Some of the leading brains behind the generative AI have warned of the Risk of artificial superintelligence that wipes humanityif remained deactivated.

But what if the influence of AI on humans is way secular and influences our development over 1000’s of years through natural selection?

In this episode of The conversation Weekly Podcast We discuss with the evolutionary biologist Rob Brooks about what AI could do with the event of mankind, from smaller brains to fewer friends.

Rob Brooks is a scientia professor of evolution on the University of New South Wales in Australia. Through his research too artificial intimacy Betite was interested between humans and AI chatbots in how human evolution might be shaped by the spread of AI. He recently published A Exploring paper various scenariosFrom the potential influence of human intelligence to brain size to more direct intervention in fertility treatment.

For Brooks, the connection between humans and machines, including AI, reflects the symbiotic relationships that occur in nature, where one species is connected to a different or is determined by one other. Some of those relationships are mutual, with everyone going to the opposite:

I feel that the majority of our relationships with technology ought to be reciprocity, because that's why we have now the technologies … Many things that AI does for us for the time being are incredible arithmetic heavy lifting (tasks). It might be difficult calculations or it might be that it’s harking back to people's birthdays – there may be a type of mutualism.
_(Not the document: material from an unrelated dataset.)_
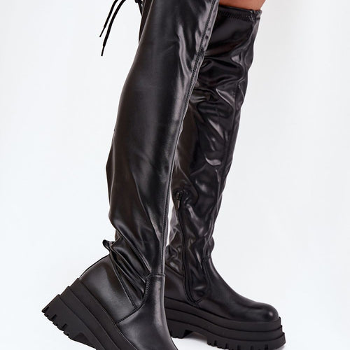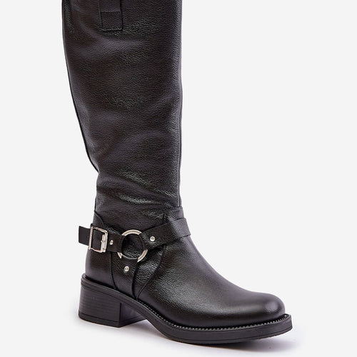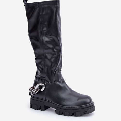 Women's boots made of eco leather are the perfect combination of comfort and style. The flat heel ensures comfort throughout the day. Rounded toes. The shaft reaching above the knee is decorated with a trendy chain. Stylish and versatile, they will work great in everyday and more elegant stylizations. fabric artificial leather warmers fabric Footbed fabric Upper height 38 cm...
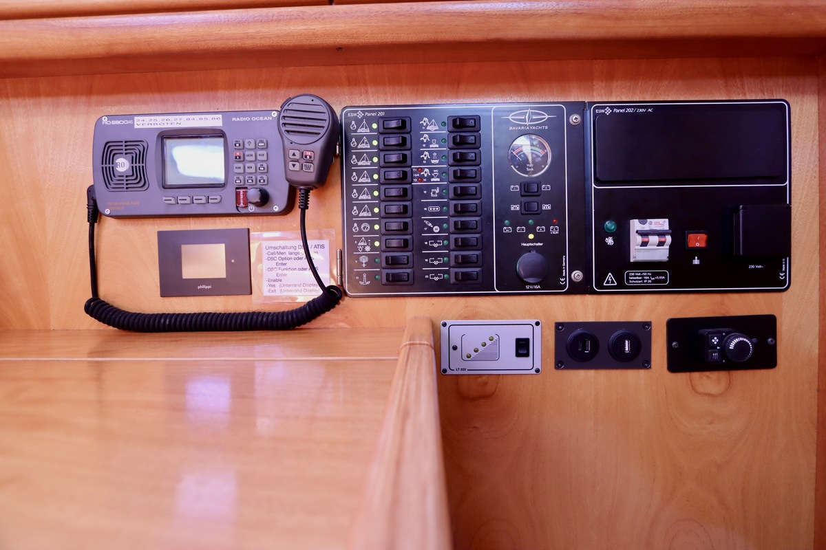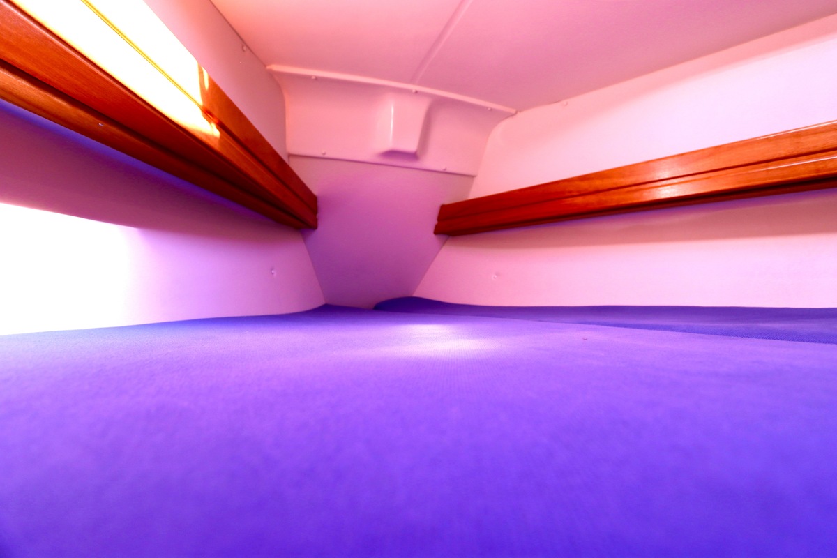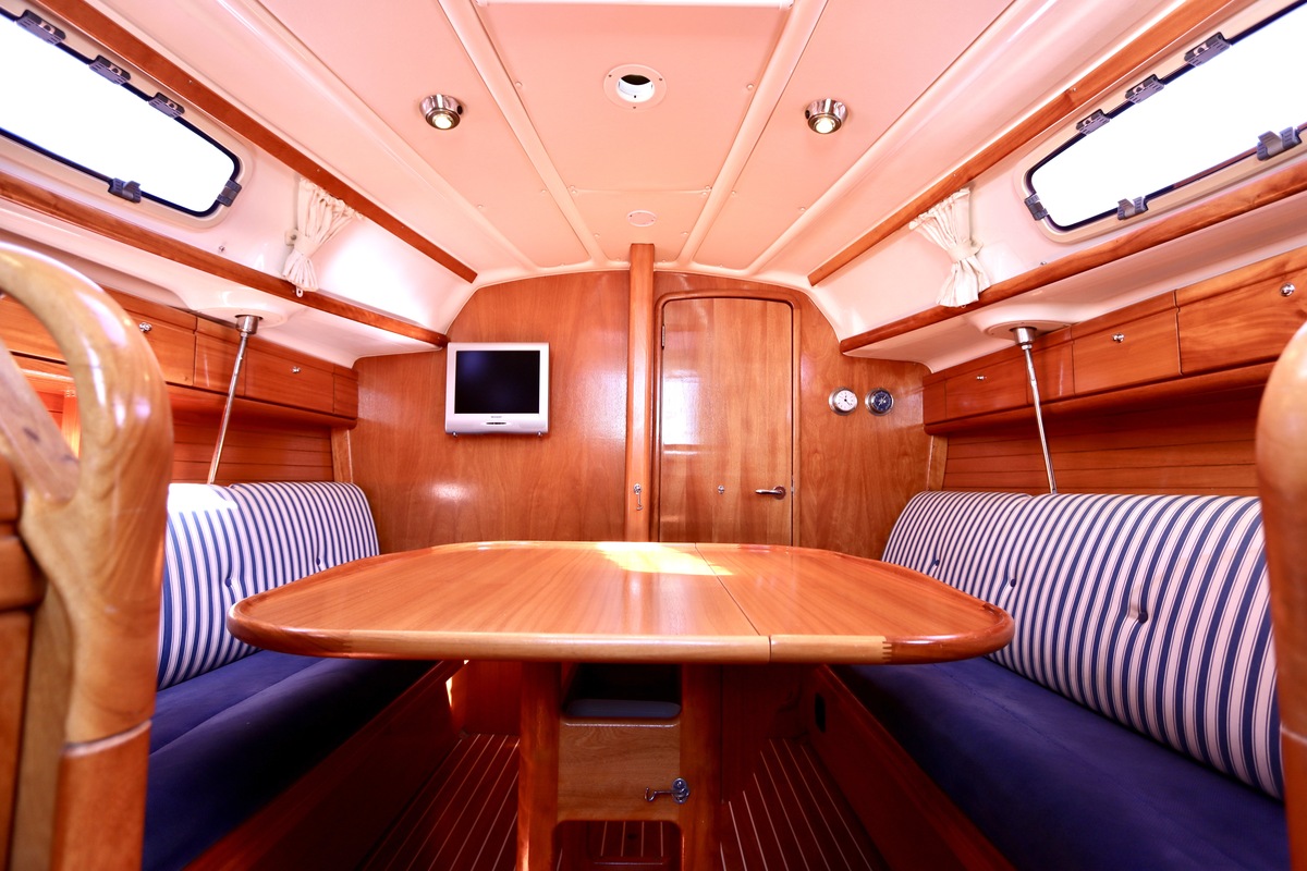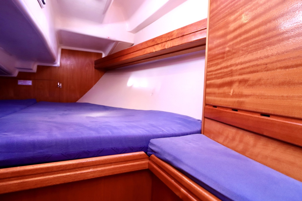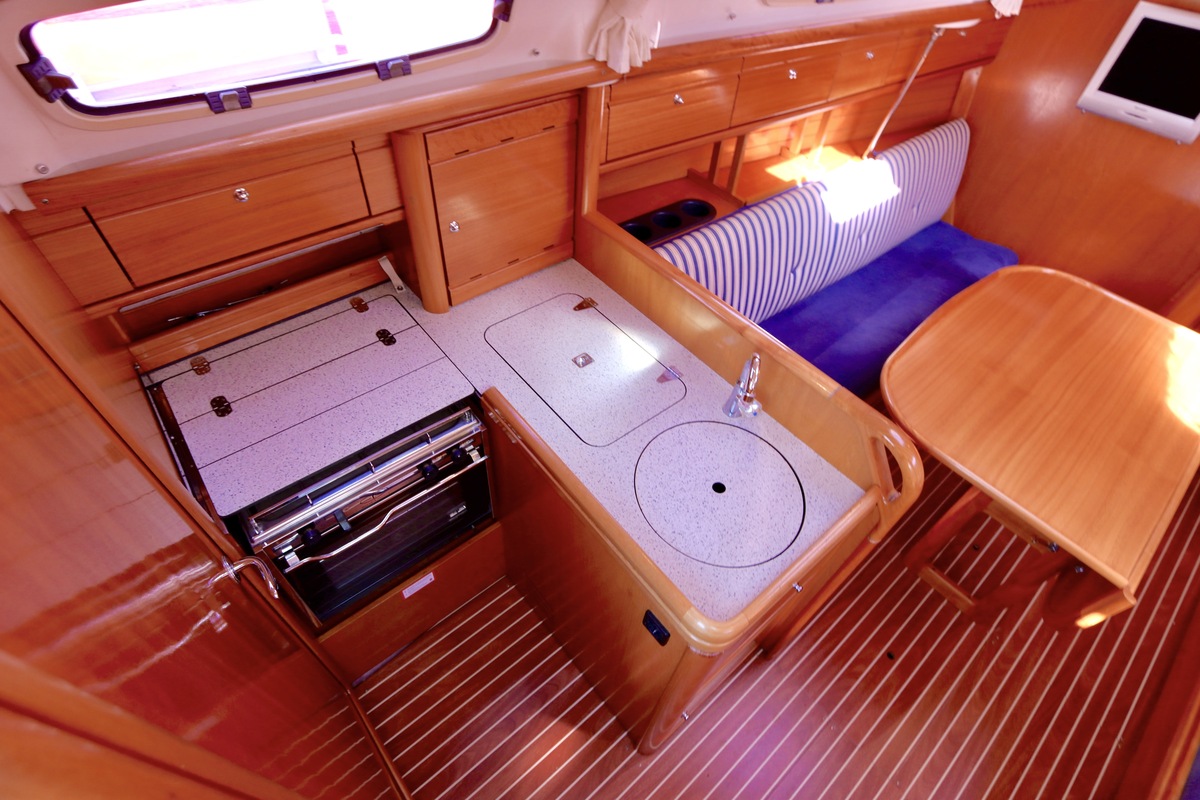 Binnen tref je een frisse en nette accommodatie met twee hutten, aangevuld met extra slaapruimte in de salon. De kombuis is compleet met een 2-pits kooktoestel met oven (gekeurd in 2024) en een koelkast. De verwarming uit 2018 zorgt voor comfort in alle seizoenen. Technisch is het schip goed bijgehouden. De Volvo Penta D1-20 motor heeft circa 850 uur en is betrouwbaar. Accu’s zijn vernieuwd in 2023, Saildrive manchet in 2020 en de schroefas en anoden in 2024. Ook is de verstaging in 2020 vervangen.

But sometimes this mutualism can turn into parasitism, where one harms the opposite. Brooks believes that smartphones have already reached this phase resulting from the quantity human attention that you simply absorb And the influence that this has on human relationships, especially amongst young people. He believes that it is usually sensible to “take over these attention and time parasites within the AI ​​ecosystem that influence human evolution”.

Listen to the entire episode of the conversation weekly to listen to a conversation with Brooks concerning the potential ways in which AI could influence human evolution from human intelligence to our relationships and even our brain size. This episode also comprises an introduction to Signe Dean, Science and Technology Editor at The Conversation in Australia.